WHAT TO DO — Copy nothing but the lines from the opening of the entries through the line that contains "귀성은 ▲서울→대전 4시간", exactly as written. Drop the pictures.

EXTRACTED INFORMATION —
..............................

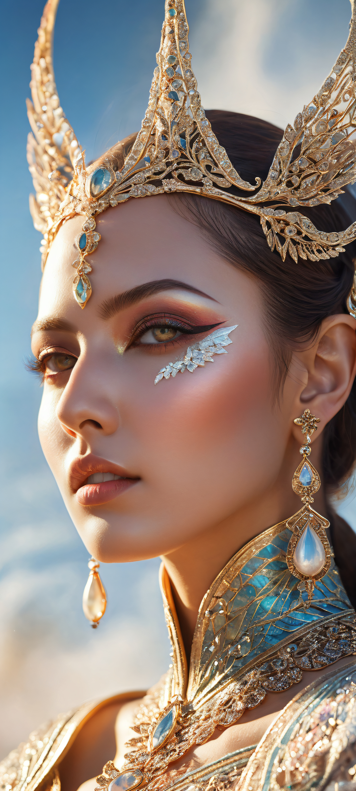 Perfectly optimized for your iPhone, Samsung Galaxy, and Android home screens. This breathtaking digital art features a stunning portrait of a mystical being placed in the lower-middle, showcasing intricate micro-details. The top half is clean and empty, allowing for a seamless blend of the subject into the ethereal background.
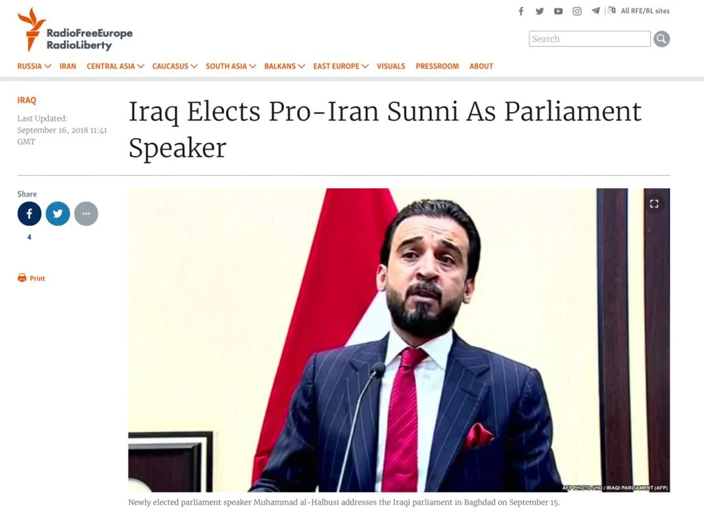 وفي تقرير للراديو بثه الأحد، إن الحلبوسي دعمته الكتلة الموالية لإيران (تحالف الفتح) بقيادة هادي العامري، وهو تحالف من المقاتلين شبه العسكريين ضمن الحشد الشعبي.
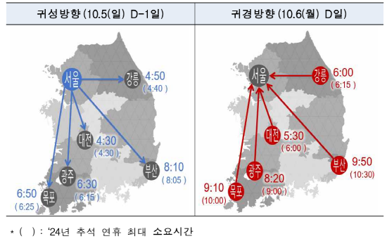 귀성은 ▲서울→대전 4시간 30분 ▲서울→부산 8시간 10분 ▲서울→광주 6시간 30분 ▲서울→목포 6시간 50분 ▲서울→강릉 4시간 50분이 소요되고, 귀경은 ▲대전→서울 5시간 30분 ▲부산→서울 9시간 50분 ▲광주→서울 8시간 20분 ▲목포→서울 9시간 10분 ▲강릉→서울이 6시간 정도로 예상된다.
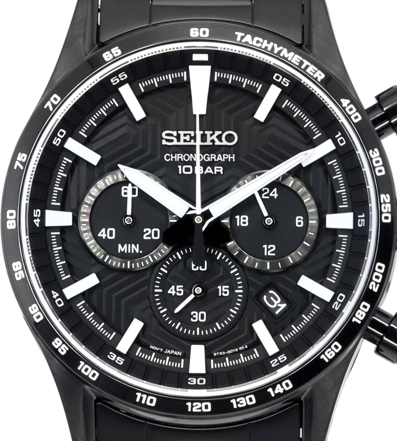 Мужские японские часы Seiko Conceptual Series Sports SSB415P1 c хронографомХронографФункция позволяет измерять отрезки времени с особой точностью: часы, минуты, секунды. Верным признаком хронографа является наличие на циферблате 3 дополнительных окошек-счётчиков., кварцевый механизм с высокой точностью. Сапфировое стеклоСапфировое стеклоПрочный и надёжный материал из кристалла сапфира синтетического происхождения, характеризующийся особой твёрдостью и устойчивостью к царапинам и повреждениям., устойчивое к появлению царапин, обладающее высокой прозрачностью. Класс водозащиты: 100 метров, позволит плавать, нырять и заниматься другими водными видами спорта. Корпус и браслет часов изготовлен из сталис PVD-покрытиемPVDУльтратонкое покрытие наносится в технике вакуумного напыления, сочетает в себе нитрид титана особой прочности со слоем золота или оксида хрома. Несёт в себе декоративную или защитную функцию.. Неподвижный безельБезельВнешний ободок, закрепляющий стекло. В спортивных часах так называется поворотное кольцо с делениями на циферблате, выполняет роль таймера – замеряет отрезки времени на шкале. Неподвижный безель – элемент декора. Однонаправленно вращающийся безель на дайверских часах позволяет фиксировать моменты погружения и выныривания на поверхность. со шкалой тахиметраТахиметрРазмеченная шкала, располагается на ободке или безеле часов. Тахиметр позволяет рассчитать скорость на определённом участке пути, расстояние измеряется в километрах или милях.. Стрелки и метки с люминесцентным покрытиемЛюминесцентное покрытиеПозволяет считывать показания времени в темноте. Производители наносят на стрелки, часовые индексы, безель или поверхность циферблата светонакопительный состав, дающий холодное свечение.. Браслет на раскладной застёжкеРаскладная застёжкаТакой тип застёжки используется только на браслетах из металла. Она никогда не раскрывается полностью, происходит разделение на 2 и более частей. Раскладывающая застёжка снизит вероятность потери часов к минимуму. с кнопками. СекундомерСекундомерСекундоме́р — прибор, способный измерять интервалы времени с точностью до долей секунды.. Окошко даты находится в положении между 4 и 5 часов.
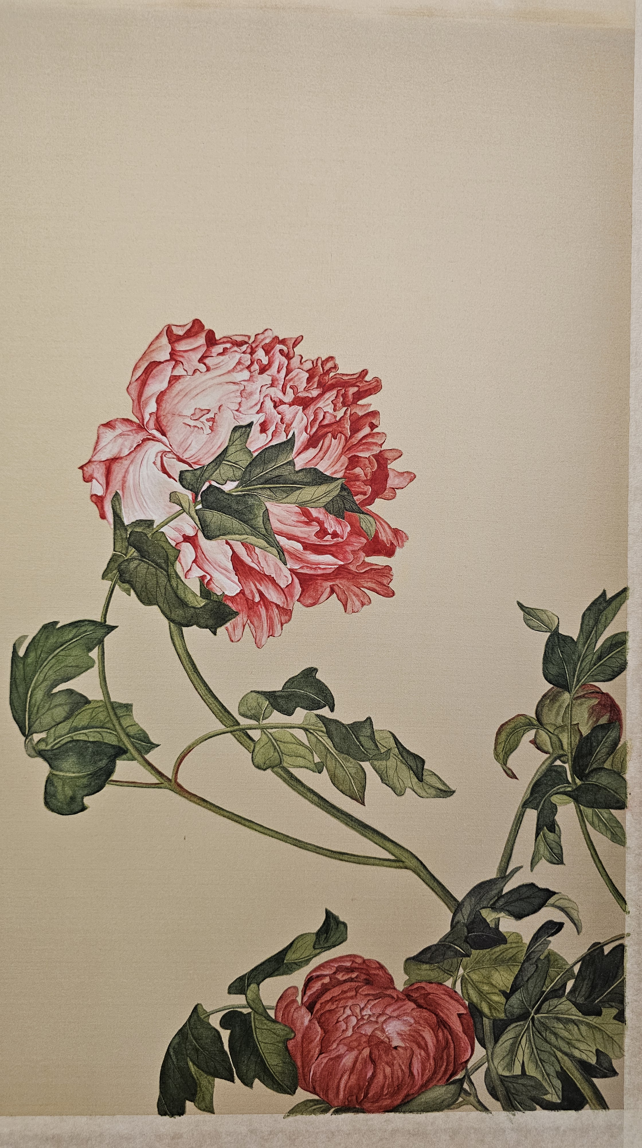 在臨摹這幅牡丹時,我感受到「層層渲染」的挑戰。牡丹的花瓣數量繁複,每片花瓣既要表現細膩的曲線,又要透出光影的立體感。如何將紅色漸層處理得柔和卻不失厚實,是過程中最耗心力的部分。隨著筆觸一點一點堆疊,牡丹逐漸在絹布上盛開,那一刻我深深感受到郎世寧將中西技法結合的魅力。這次的臨摹,對我來說是一次耐心與專注的修行。
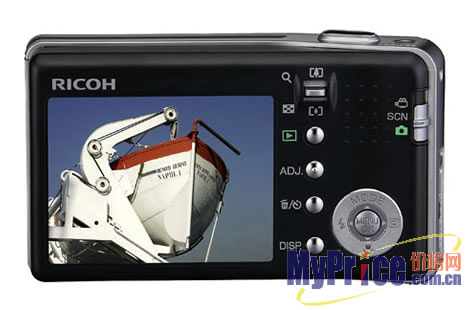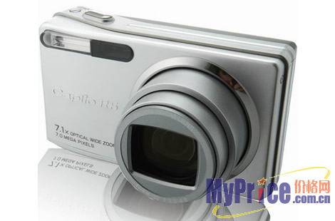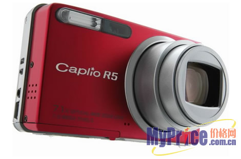 外观方面,理光 Caplio R5在延续了R系列实用和便携的基础上,增加了机身的弧度,手持感更加贴切,也更具时尚感,机身整体感觉更轻更细。在纤巧的机身下理光R5同时具有了时下较强的28mm广角和7.1倍的大变焦功能。不论从全景还是到远摄、甚至在室内阴暗光线下的主体摄影都能给人深刻印象的摄影效果。更加利于拍摄人像和大的场景。除了拥有7.1倍光学变焦及3.6倍数码变焦外, 更新增了34.2倍无失真自动变焦, 相当于 960 mm的高倍变焦效果, 在此功能下相机会自动调整图像大小, 但仍保持高品质的图像质量。背后配备23万像素的 2.5 寸高亮LCD, 提供170度更宽的视角, 无论由高角度或低角度进行拍摄亦同样方便, “高亮丽”显示即使是在阳光下也能轻易取景及回放。
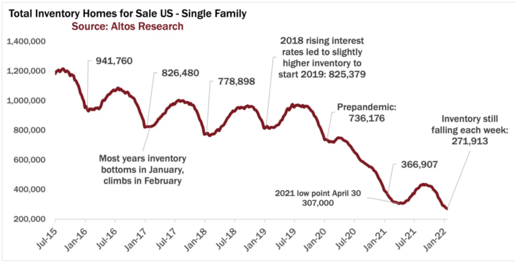 As of January 2022, inventory continued to fall nationwide. This is one reason why we’re seeing such tough competition for buyers, multiple offers, and offers being accepted well above asking price.
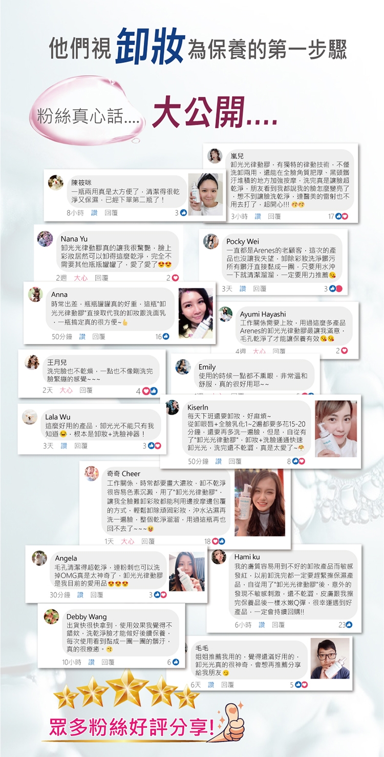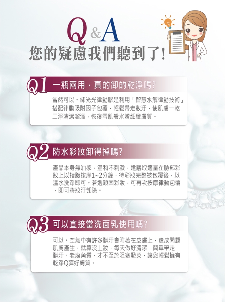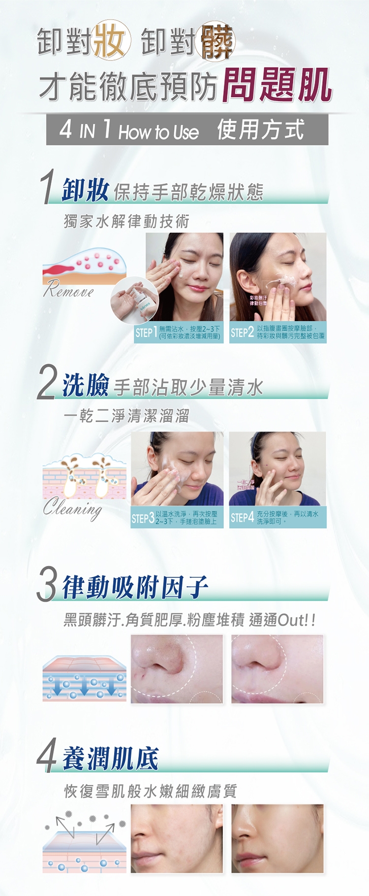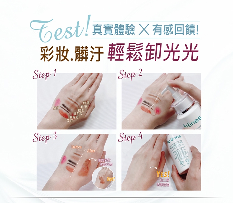 取適量於乾燥手掌心,可依彩妝濃淡增減用量,以指腹畫圈按摩臉部,待彩妝與髒污完整被包覆後,以溫水洗淨即可。未上妝也可使用。
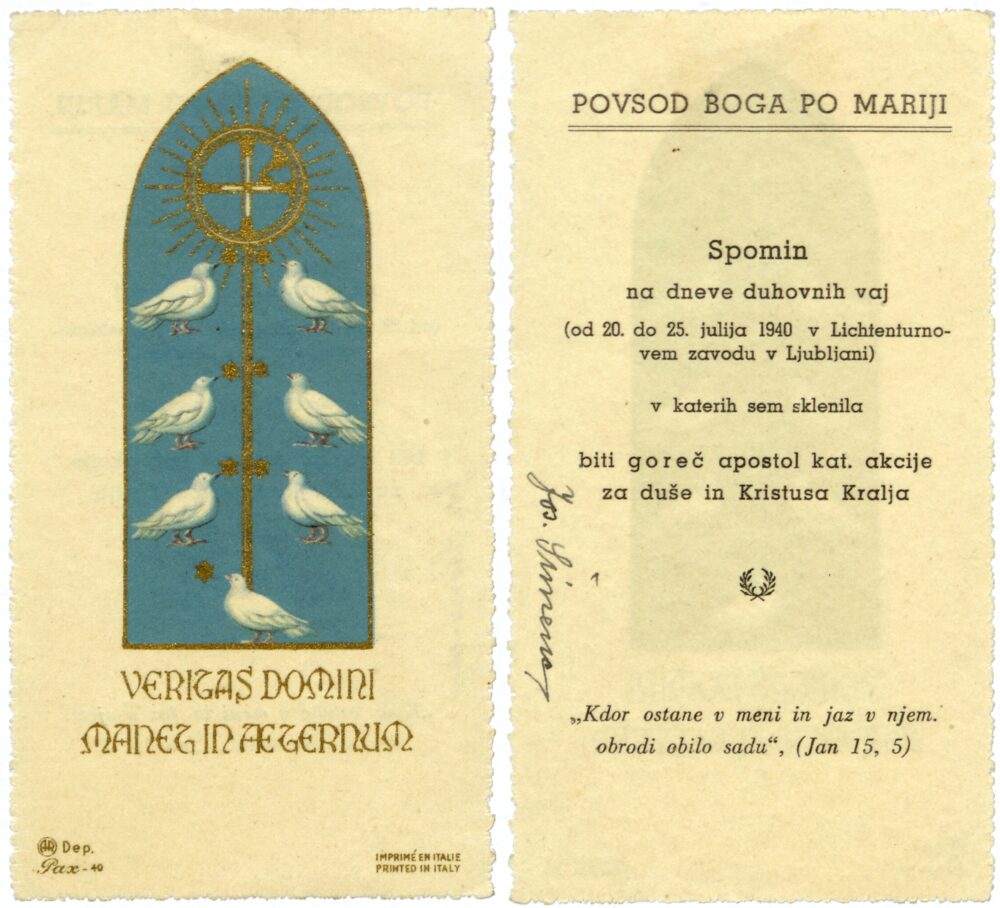Duhovne vaje v Domu Device Mogočne v Ljubljani, 1940 Multimédiás elem 16.10.2025 22:06 közzétette Knjižnica Jožeta Udoviča Cerknica Duhovne vaje v Domu Device Mogočne v Ljubljani, Lichtenthurnov zavod (Marijanišče), 20.–25. julij 1940. Sveti Duh. Milano: AR Ambrosiana Riproduzioni, 1910–1970. Mere: 6,3 x 11,5 cm. Zbirka Joži Mele iz Cerknice. Slika FacebookXPinterestLinkedIn Natisni Natisni brez slik
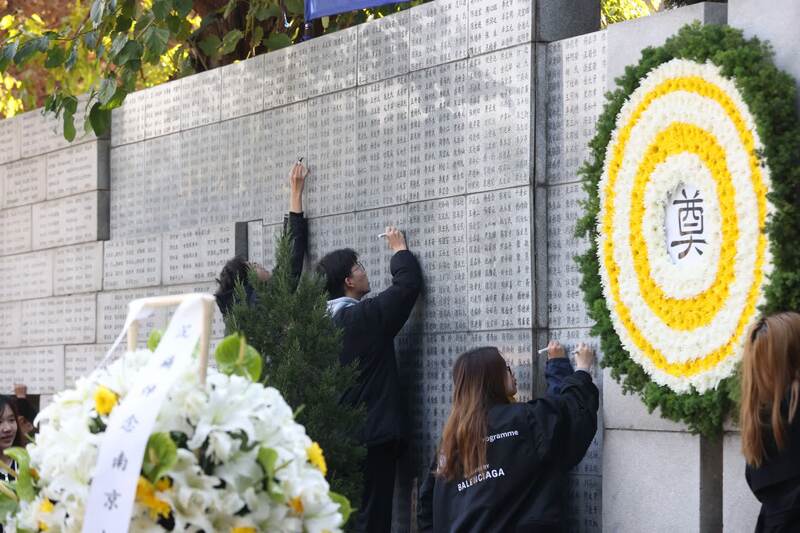 12月3日,在第十個南京大屠殺死難者國家公祭日即將來臨之際,侵華日軍南京大屠殺遇難同胞紀念館在南京大屠殺死難者名單墻前舉辦家祭活動,南京大屠殺幸存者代表、遇難同胞遺屬代表、青少年學生代表等參加?;顒由?,儀仗隊向南京大屠殺遇難同胞敬獻花籃,青少年學生代表朗讀遇難同胞的姓名、遇難年齡、遇難地點、遇難方式,南京大屠殺幸存者代表、遇難同胞遺屬代表、青少年學生代表等為南京大屠殺死難者名單墻上的名單描新。
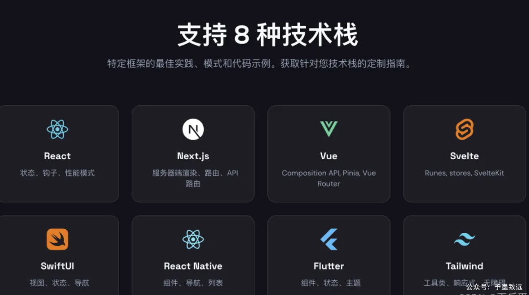 多技术栈支持:覆盖React、Next.js、Vue、Svelte、SwiftUI、Flutter等10个主流前端与移动端技术栈,能根据项目需求自动切换实现建议。

..............................

REPLY TO THE EXERCISE —
 Perfectly optimized for your iPhone, Samsung Galaxy, and Android home screens. This breathtaking digital art features a stunning portrait of a mystical being placed in the lower-middle, showcasing intricate micro-details. The top half is clean and empty, allowing for a seamless blend of the subject into the ethereal background.
 وفي تقرير للراديو بثه الأحد، إن الحلبوسي دعمته الكتلة الموالية لإيران (تحالف الفتح) بقيادة هادي العامري، وهو تحالف من المقاتلين شبه العسكريين ضمن الحشد الشعبي.
 귀성은 ▲서울→대전 4시간 30분 ▲서울→부산 8시간 10분 ▲서울→광주 6시간 30분 ▲서울→목포 6시간 50분 ▲서울→강릉 4시간 50분이 소요되고, 귀경은 ▲대전→서울 5시간 30분 ▲부산→서울 9시간 50분 ▲광주→서울 8시간 20분 ▲목포→서울 9시간 10분 ▲강릉→서울이 6시간 정도로 예상된다.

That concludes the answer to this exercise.